Return all of the data exactly as written, without the pictures.

### [DATA BLOCK]
^^^^
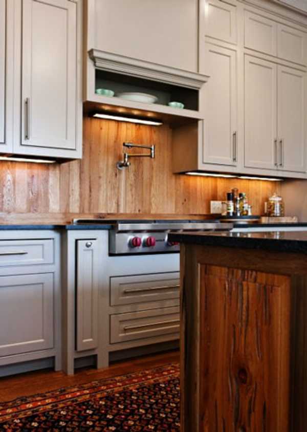 Фото: Кухонный фартук из дерева не очень практичен
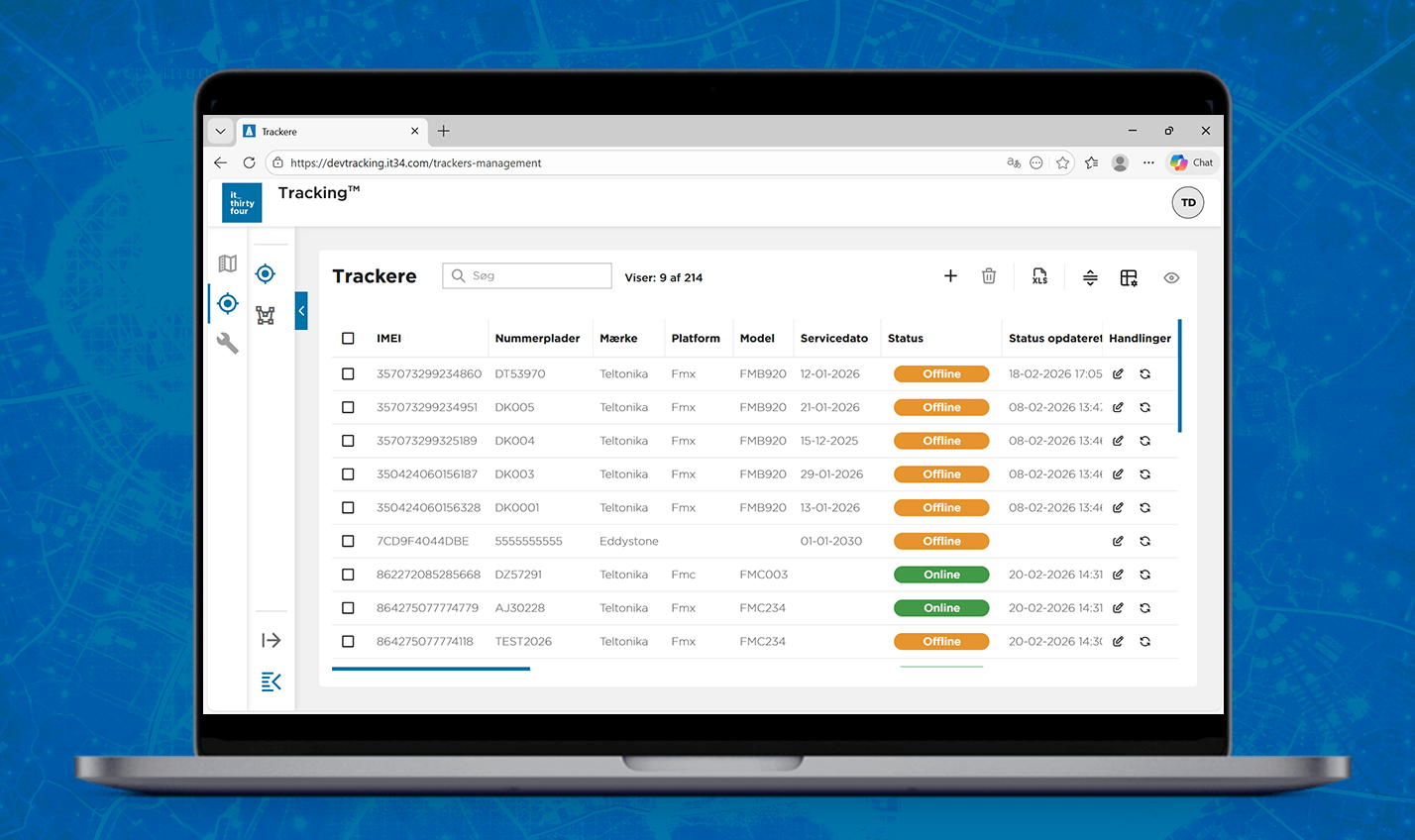 IT34 Tracking samler centrale funktioner til flådestyring i én platform:
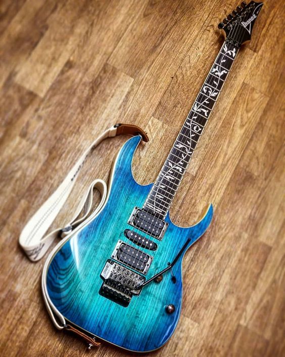 Nice Blue Ibanez vreny+ | November 21, 2019← Return to Nice Guitars and Fun Musician Stuff‹›A blue burst (light blue to dark blue) Ibanez superstrat with chrome Floyd Rose and black pick ups
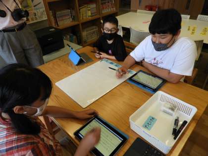今までの実験結果や学習内容,教科書の画像などは,子どもたちの手元のタブレット型PCに,ロイロノートスクールを使ってまとめてあります。
^^^^
### [EXERCISE RESULT]
 Фото: Кухонный фартук из дерева не очень практичен
 IT34 Tracking samler centrale funktioner til flådestyring i én platform:
 Nice Blue Ibanez vreny+ | November 21, 2019← Return to Nice Guitars and Fun Musician Stuff‹›A blue burst (light blue to dark blue) Ibanez superstrat with chrome Floyd Rose and black pick ups
今までの実験結果や学習内容,教科書の画像などは,子どもたちの手元のタブレット型PCに,ロイロノートスクールを使ってまとめてあります。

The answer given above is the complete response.